Required action: Copy only what lies from the line containing "TECNOMATICA, es portadora" through the line containing "Sukienka midi o" in the entries below, keeping both end lines exact and dropping every picture.

Listed records:
++++++++++

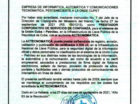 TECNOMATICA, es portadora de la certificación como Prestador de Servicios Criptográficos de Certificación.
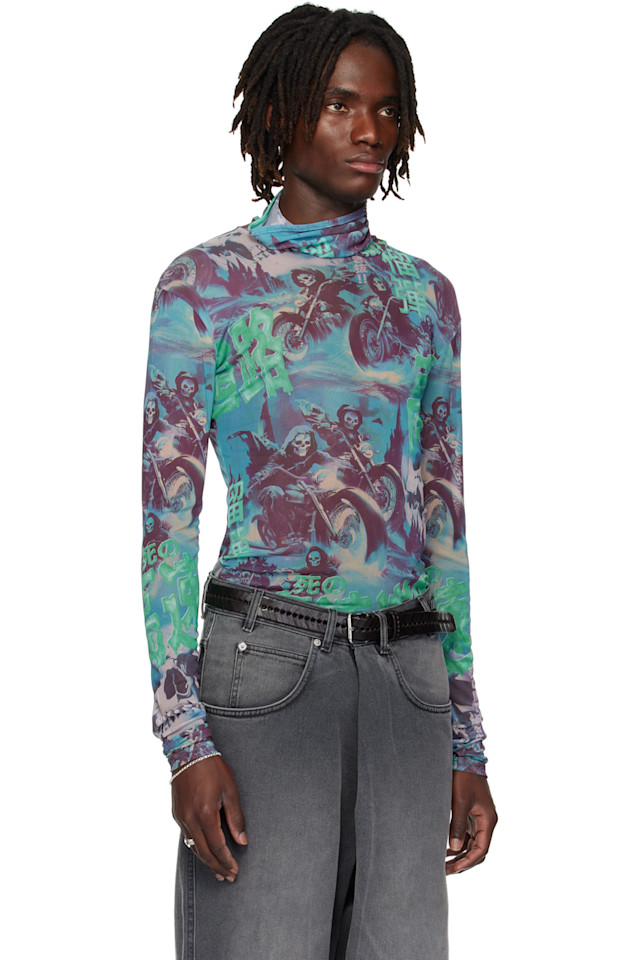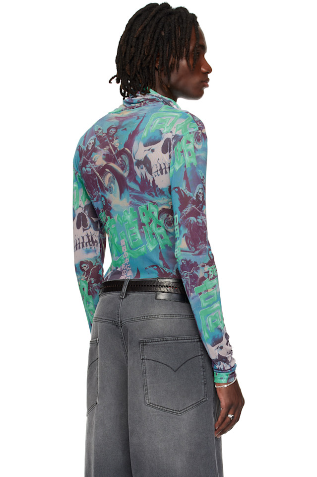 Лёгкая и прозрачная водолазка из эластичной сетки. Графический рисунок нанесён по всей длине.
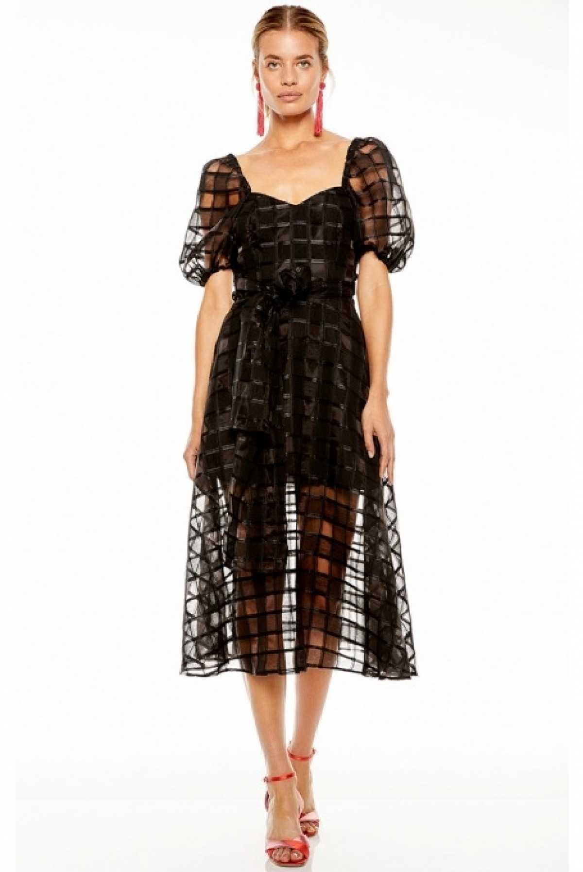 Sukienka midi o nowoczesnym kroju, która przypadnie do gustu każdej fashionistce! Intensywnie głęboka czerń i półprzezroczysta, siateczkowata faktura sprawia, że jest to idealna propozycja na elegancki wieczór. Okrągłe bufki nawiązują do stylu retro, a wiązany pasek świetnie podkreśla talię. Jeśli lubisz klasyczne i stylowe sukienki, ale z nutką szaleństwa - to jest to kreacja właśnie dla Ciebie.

++++++++++

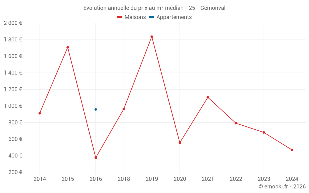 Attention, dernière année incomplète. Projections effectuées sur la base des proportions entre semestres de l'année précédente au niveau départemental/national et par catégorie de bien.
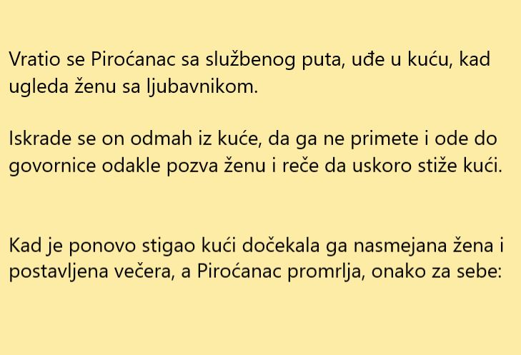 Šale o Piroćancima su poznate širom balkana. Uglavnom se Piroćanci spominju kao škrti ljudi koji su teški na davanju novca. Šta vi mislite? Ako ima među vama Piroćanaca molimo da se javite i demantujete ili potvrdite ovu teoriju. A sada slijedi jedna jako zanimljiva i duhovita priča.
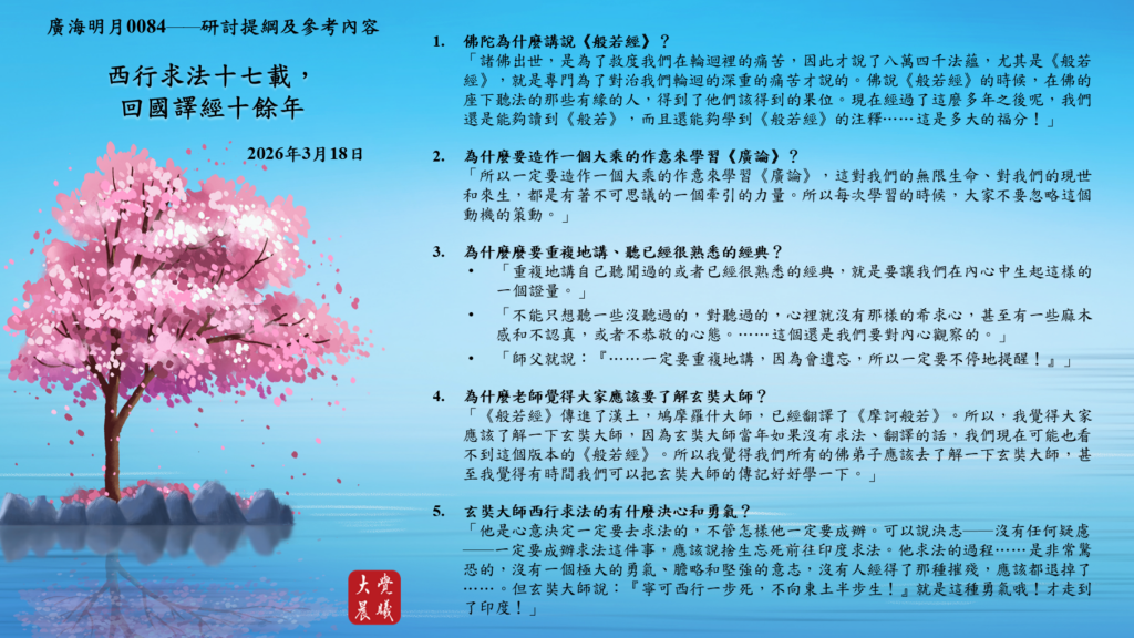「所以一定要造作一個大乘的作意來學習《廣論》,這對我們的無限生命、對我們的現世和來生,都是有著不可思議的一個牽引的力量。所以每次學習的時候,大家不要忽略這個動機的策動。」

++++++++++

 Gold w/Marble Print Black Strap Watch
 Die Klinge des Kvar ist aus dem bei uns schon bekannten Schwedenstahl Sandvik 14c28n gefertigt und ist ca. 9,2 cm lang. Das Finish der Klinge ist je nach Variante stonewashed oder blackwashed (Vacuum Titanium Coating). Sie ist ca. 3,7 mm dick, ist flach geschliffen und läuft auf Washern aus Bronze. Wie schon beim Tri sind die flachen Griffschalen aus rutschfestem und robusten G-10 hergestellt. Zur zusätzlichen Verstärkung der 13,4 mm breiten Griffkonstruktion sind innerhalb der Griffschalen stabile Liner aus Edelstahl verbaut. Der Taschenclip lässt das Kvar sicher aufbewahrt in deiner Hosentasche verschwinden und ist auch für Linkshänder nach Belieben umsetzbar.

++++++++++

Answer to this exercise:
 TECNOMATICA, es portadora de la certificación como Prestador de Servicios Criptográficos de Certificación.
 Лёгкая и прозрачная водолазка из эластичной сетки. Графический рисунок нанесён по всей длине.
 Sukienka midi o nowoczesnym kroju, która przypadnie do gustu każdej fashionistce! Intensywnie głęboka czerń i półprzezroczysta, siateczkowata faktura sprawia, że jest to idealna propozycja na elegancki wieczór. Okrągłe bufki nawiązują do stylu retro, a wiązany pasek świetnie podkreśla talię. Jeśli lubisz klasyczne i stylowe sukienki, ale z nutką szaleństwa - to jest to kreacja właśnie dla Ciebie.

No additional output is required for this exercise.